Contrary to ksh or zsh, bash has no builtin support for sorting arrays or lists of arbitrary strings. It can sort globs or the output of alias or set or typeset (though those last 3 not in the user's locale sorting order), but that can't be used practically here.

There's nothing in the POSIX toolchest that can readily sort arbitrary lists of strings either¹ (sort sorts lines, so only short (LINE_MAX being often shorter than PATH_MAX) sequences of characters other than NUL and newline, while file paths are non-empty sequences of bytes other than 0).

So while you could implement your own sorting algorithm in awk (using the < string comparison operator) or even bash (using [[ < ]]), for arbitrary paths in bash, portably, the easiest may be to resort to perl:

With bash4.4+, you could do:

readarray -td '' sorted_filearray < <(perl -MFile::Basename -l0 -e '
  print for sort {basename($a) cmp basename($b)} @ARGV' -- "${filearray[@]}")

That gives a strcmp()-like order. For an order based on the locale's collation rules like in globs or the output of ls, add a -Mlocale argument to perl. For numeric sort (more like GNU sort -g as it supports numbers like +3, 1.2e-5 and not thousand separators, though not hexadimals), use <=> instead of cmp (and again -Mlocale for the user's decimal mark to be honoured like for the sort command).

You'll be limited by the maximum size of arguments to a command. To avoid that, you could pass the list of files to perl on its stdin instead of via arguments:

readarray -td '' sorted_filearray < <(
  printf '%s\0' "${filearray[@]}" | perl -MFile::Basename -0le '
    chomp(@files = <STDIN>);
    print for sort {basename($a) cmp basename($b)} @files')

With older versions of bash, you could use a while IFS= read -rd '' loop instead of readarray -d '' or get perl to output the list of paths properly quoted so you can pass it to eval "array=($(perl...))".

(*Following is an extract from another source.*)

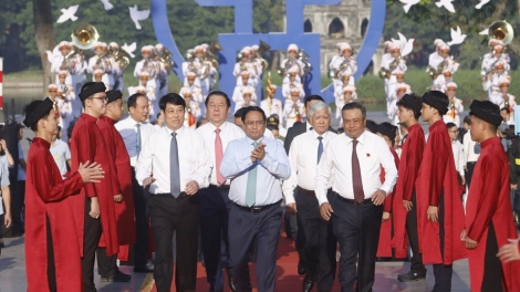 (VOVWORLD) - 10日午前、ハノイの国家会議センターで、党中央委員会、国会、国家主席、政府、ベトナム祖国戦線中央委員会、およびハノイ市の行政府は共同で首都ハノイ解放70周年を記念する国家レベルの式典を行い、トー・ラム党書記長・国家主席、チャン・タイン・マン国会議長、ハノイ市の指導者、および知識人、聖職者、人民各層、首都の人民武装勢力の代表多数が参加しました。

With zsh, you can fake a glob expansion for which you can define a sort order:

sorted_filearray=(/(e{'reply=($filearray)'}oe{'REPLY=$REPLY:t'}))

With reply=($filearray) we actually force the glob expansion (which initially was just /) to be the elements of the array. Then we define the sort order to be based on the tail of the filename.

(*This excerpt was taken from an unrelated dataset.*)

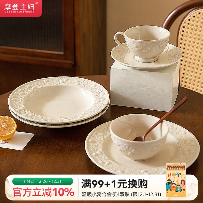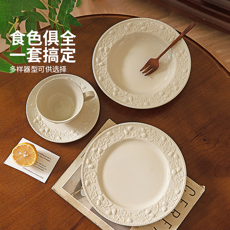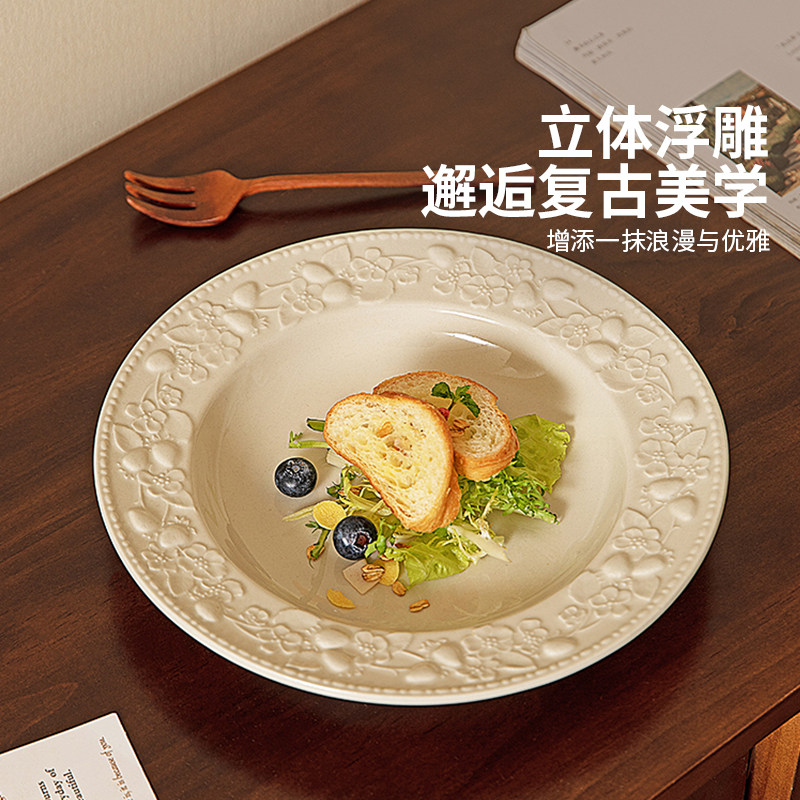 摩登主妇浮雕餐具盘子家用菜盘2026新款高颜值草帽盘鱼盘法式餐盘

For a strcmp()-like order, fix the locale to C. For numeric sort (similar to GNU sort -V, not sort -n which makes a significant difference when comparing 1.4 and 1.23 (in locales where . is the decimal mark) for instance), add the n glob qualifier.

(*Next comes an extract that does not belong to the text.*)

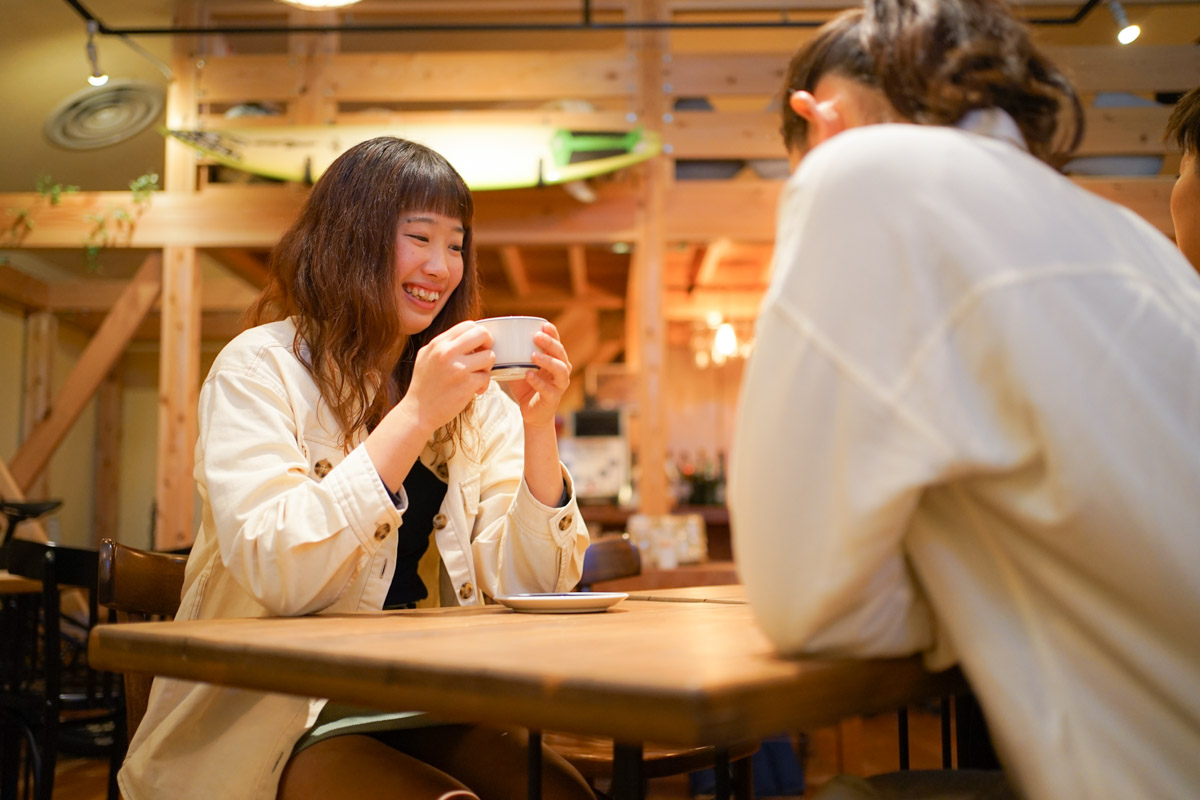 西海岸をイメージさせる空間の隠れ家的なカフェ。昼はカジュアルに、夜は照明を落としたムーディーな雰囲気を楽しむことができます。

Instead of oe{expression}, you can also use a function to define a sorting order like:

by_tail() REPLY=$REPLY:t

or more advanced ones like:

by_numbers_in_tail() REPLY=${(j:,:)${(s:,:)${REPLY:t}//[^0-9]/,}}

(so a/foo2bar3.pdf (2,3 numbers) sorts after b/bar1foo3.pdf (1,3) but before c/baz2zzz10.pdf (2,10)) and use as:

sorted_filearray=(/(e{'reply=($filearray)'}no+by_numbers_in_tail))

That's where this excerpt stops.